Margaret’s cited influences of Brian Eno and Yo La Tengo, combined with moments perhaps even evocative of Vangelis, position the album alongside an excellent company of influences. There is admittedly little transcendent nor ground-breaking innovation on offer in this ambient, keys-led album, but it is clear that Margaret never intended to create some pretentious, revolutionary sonic masterpiece. 

Instead, Mia Gargaret should be approached as an exploration of personal sensations from an artist stripped of her literal voice. So effectively do songs like ‘for Zoya in China’ and ‘3 movements’ elicit an overwhelming sense of calm through near-entirely instrumental methods, that by the time Margaret’s voice does emerge, healed and restored on final track ‘lesson’ it is quite remarkable that so much has been said in the 25 minutes prior without a word of hers being sung.

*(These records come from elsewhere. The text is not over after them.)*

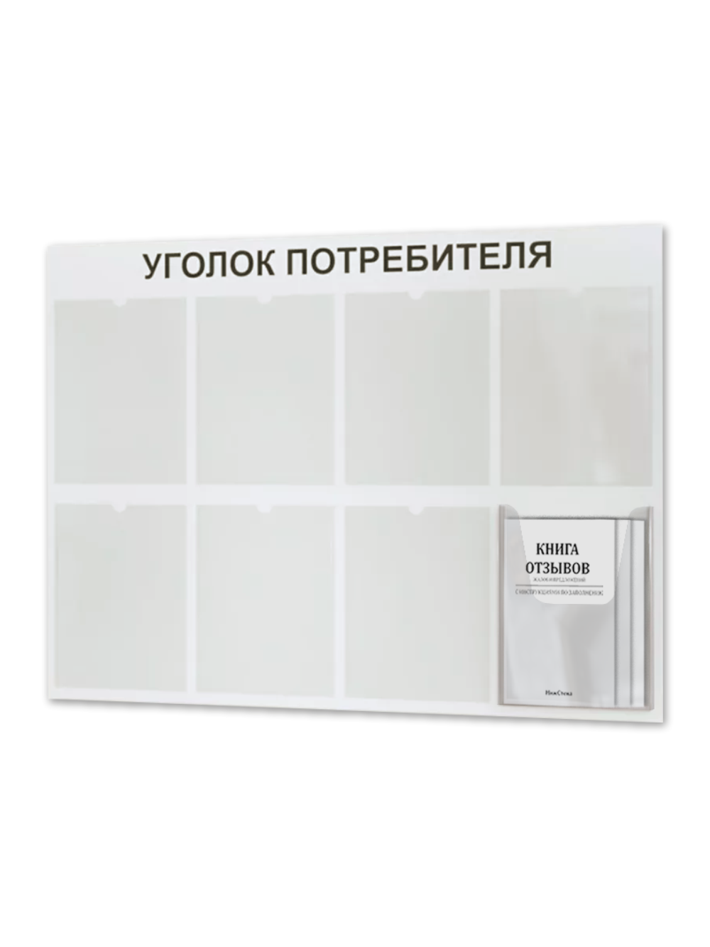 Его лаконичный дизайн впишется в любой интерьер, а удобная форма позволит легко разместить его на столе, стене или любой другой поверхности. Уголок потребителя – это незаменимый помощник для тех, кто ценит порядок и удобство. В комплекте с уголком потребителя идут 3 книги: книга отзывов, жалоб и предложений; новые правила торговли; закон о защите прав потребителей.
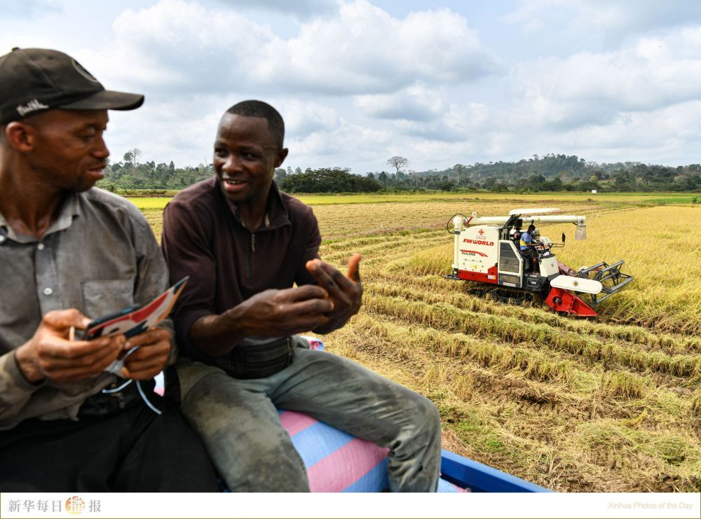 1月8日,稻农(右)在科特迪瓦迪沃省格格杜垦区驾驶收割机收割水稻。位于科特迪瓦迪沃省的格格杜垦区近日迎来水稻成熟,当地稻农在稻田里忙着收割水稻。格格杜垦区是中科两国农业合作示范基地,也是科特迪瓦全国闻名的水稻种植基地。多年来,中国援科农业技术合作组专家通过新稻种培育与推广、水稻种植技术培训、垦区水利设施管理等多种方式帮助垦区内稻米产量和质量大幅提高,稻农收入显著增加。
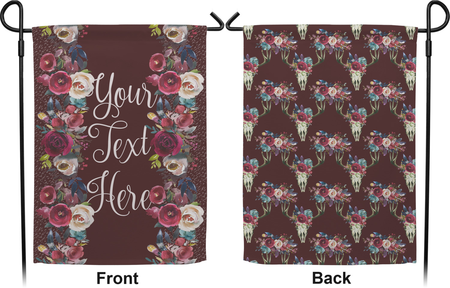 These custom garden flags are made of a durable, double-ply, polyester weave, allowing them to withstand the elements year round. The small flags measure at approximately 12 by 18 inches. The large flags measure out to 28 by 37 inches. You can order these decorative flags with your customization printed on the front only, or the front and back.
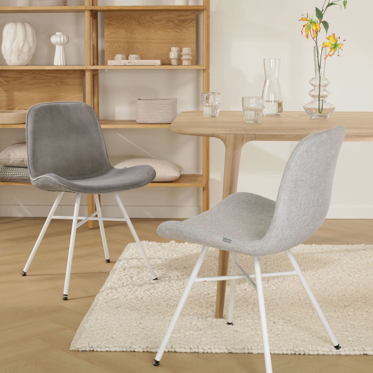- De ribstof en teddystof bekleding zorgt voor een trendy touch in de eethoek
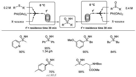 - Gutmann, B.; Elsner, P.; O’Kearney-McMullan, A.; Goundry, W.R.F.; Roberge, D.M.; Kappe, C.O. Development of a Continuous Flow Sulfoxide Imidation Protocol Using Azide Sources under Superacidic Conditions. Org. Process Res. Dev. 2015, 19, 1062–1067. [Google Scholar] [CrossRef]
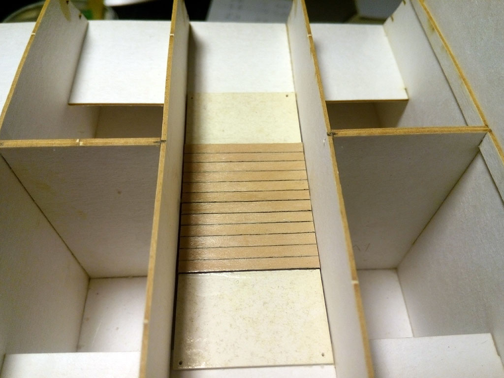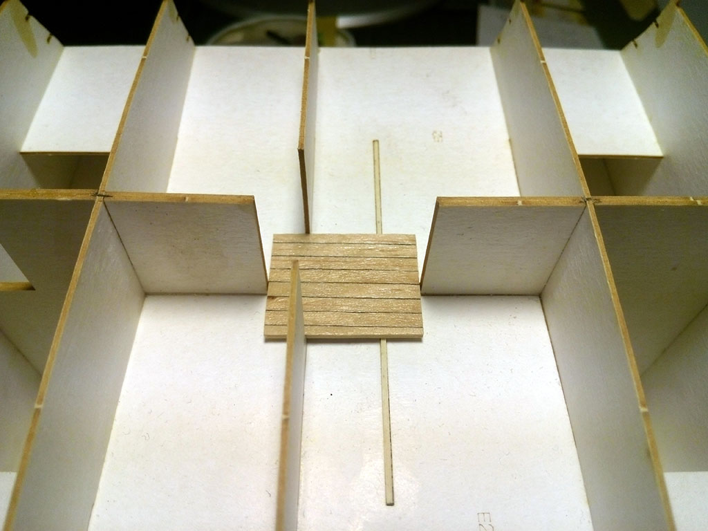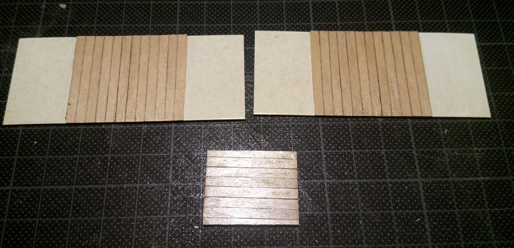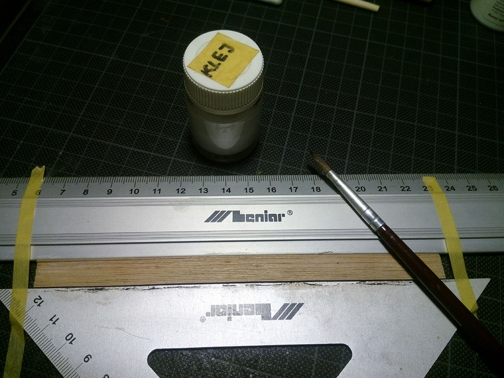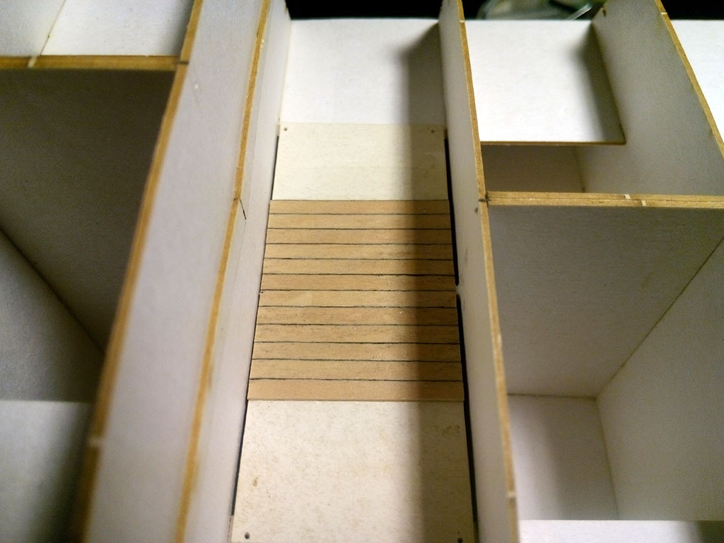 Kolej na 3 małe pokłady, które będą widoczne w otwartych zejściówkach i pokład na dziobie. Do wycinania listewek przygotowałem sobie mój stary i sprawdzony przyrządzik - nawet w relacji @Doris jest jego zdjęcie z mojej relacji z Lexingtona.

What should be appreciated on this album is a reflection of sorts – Gia Margaret, but not really. A parallel figure: Mia Gargaret – resembling herself in the mirror, or submerged in her watery cover art. If this album serves as a side-project, only coming into existence as a result of sudden illness, the next album from Gia Margaret should prove to be an incredibly compelling project, so long as the artist is able to fuse this latest instrumental expressivity with the voice that we have come to miss. At 27 minutes long, the album does not ask a great deal from its listeners, instead offering an inviting hand to them and into a realm of cloudy tranquillity, complete with soft arpeggios and lectures from Alan Watts.

Mia Gargaret is out now on Dalliance Recordings.